NBA Players Association Announces Top 100 Basketball Camp for HBCU Athletes

Officials from the National Basketball Players Association, the Southern Intercollegiate Athletic Conference, and the Southwestern Athletic Conference today announced the creation of a new ‘top 100’ camp, designed to give increased exposure and development to players from historically black programs.
Active and retired NBA players will style the camp after the NBA’s current ‘Top 100’ program, but will offer the weeklong-combine exclusively to HBCU players July 20-23 at Morehouse College.
Officials called the historic partnership between the NBA and historically black colleges a natural collaboration, given the mission of the schools and the work of the association to improving skills and professional prospects for collegiate athletes.

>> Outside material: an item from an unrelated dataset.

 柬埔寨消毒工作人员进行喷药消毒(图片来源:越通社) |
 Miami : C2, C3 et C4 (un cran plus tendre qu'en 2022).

“Historically Black Colleges and Universities often provide crucial “first chance” opportunities to professional athletes seeking coaching and administrator opportunities in intercollegiate athletics,” said SIAC Commissioner Gregory Moore. “This initiative seeks to cultivate, institutionalize and ultimately broaden critically important talent pipelines, while also imparting invaluable skill instruction and mentoring to our student-athletes.”
“A key component of the camp will be the education series for the campers. The series will feature leadership development, understanding of off-the-court responsibilities and providing an overall educational experience the participants will be able to draw upon for the rest of their lives,” said Moore.

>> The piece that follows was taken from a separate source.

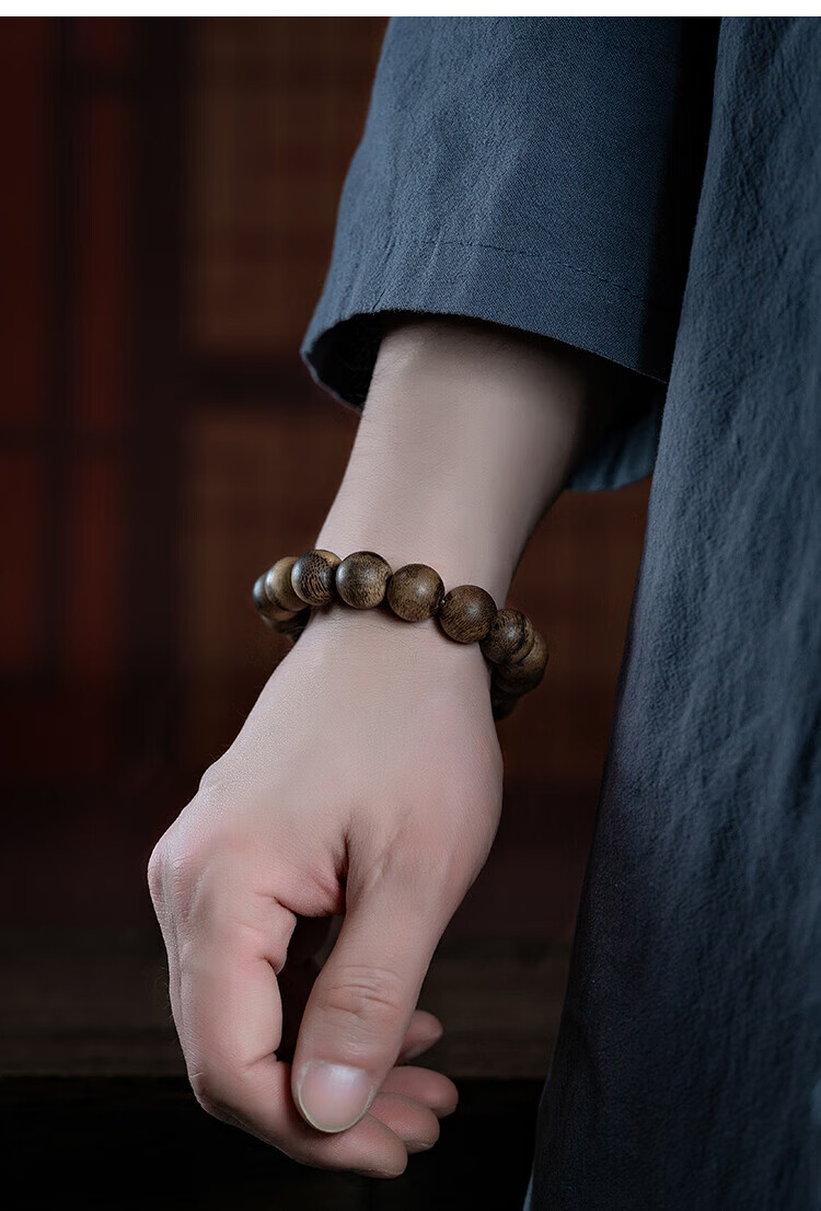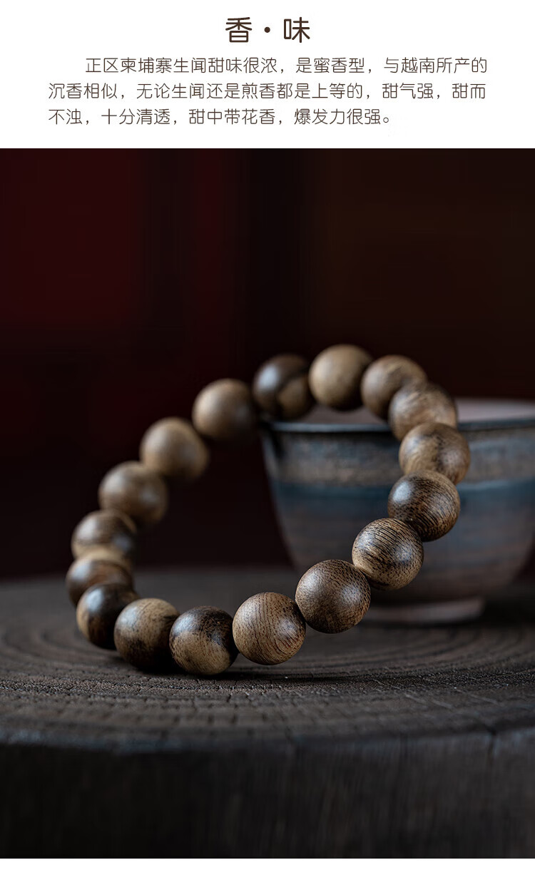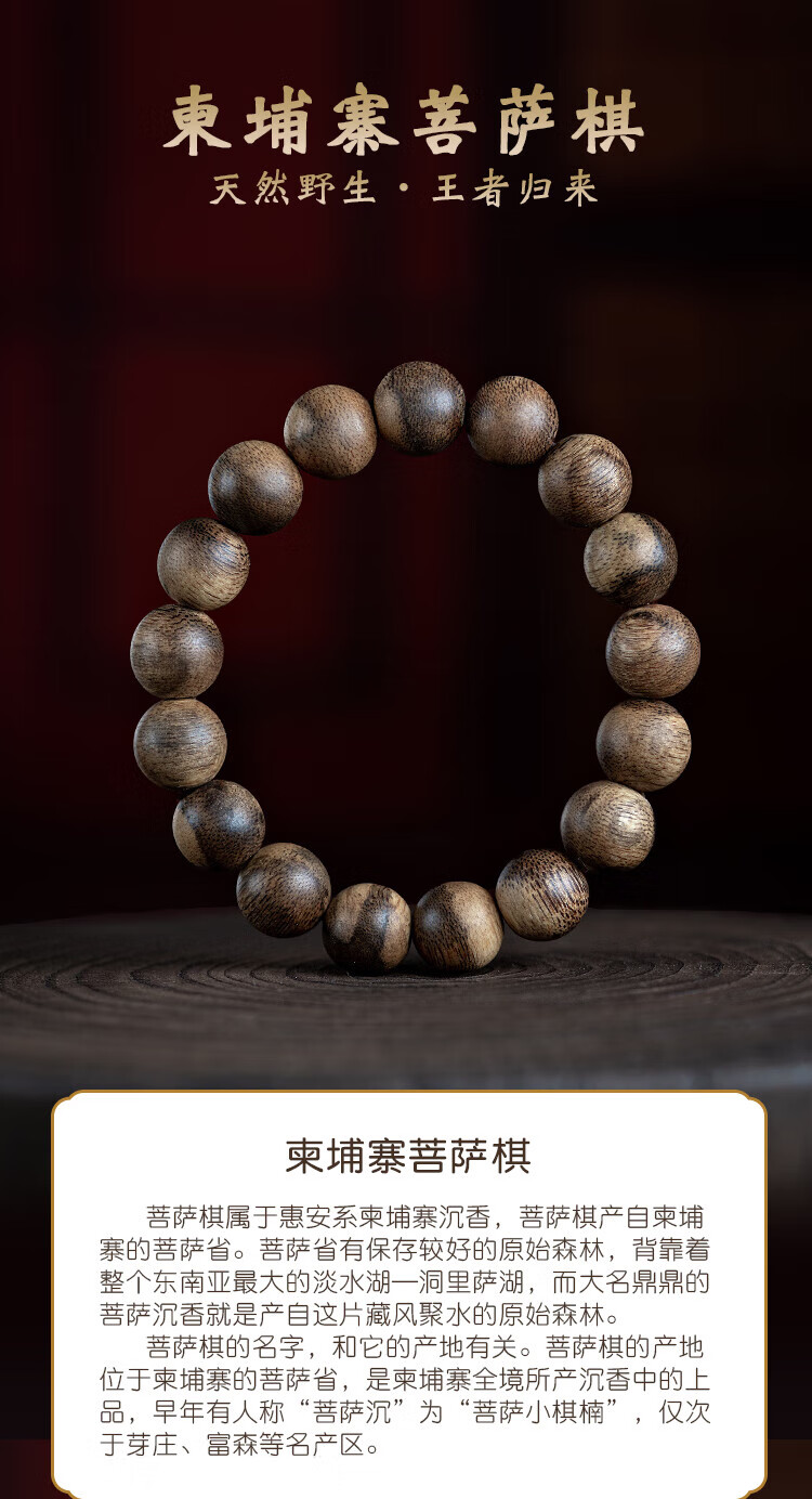 九刀匠天然真品柬埔寨菩萨棋手串沉水级奇楠沉香文玩佛珠女男士单圈手链 99分沉水 约12mm*17颗*16g

“The Southwestern Athletic Conference is honored to work with the leadership and members of the NBPA, as well as the SIAC, to bring this incredible opportunity to our stakeholders,” said SWAC Commissioner Duer Sharp. “The most fulfilling piece to this is an opportunity for these future leaders to develop their academic and character compass, as they embark on their future on and off the court.”
The camp will invite 25 players from each conference for participation. The partnership is the third major initiative from professional sports leagues to engage HBCU communities following NASCAR’s professional recruitment initiative launched in 2006, and the NFL’s similar initiative launched in 2016.
The NBPA camp is the first scouting and training program to outreach directly to HBCUs, which have yielded just one NBA Draft selection in the last 14 years (Norfolk State’s Kyle O’Quinn in 2012).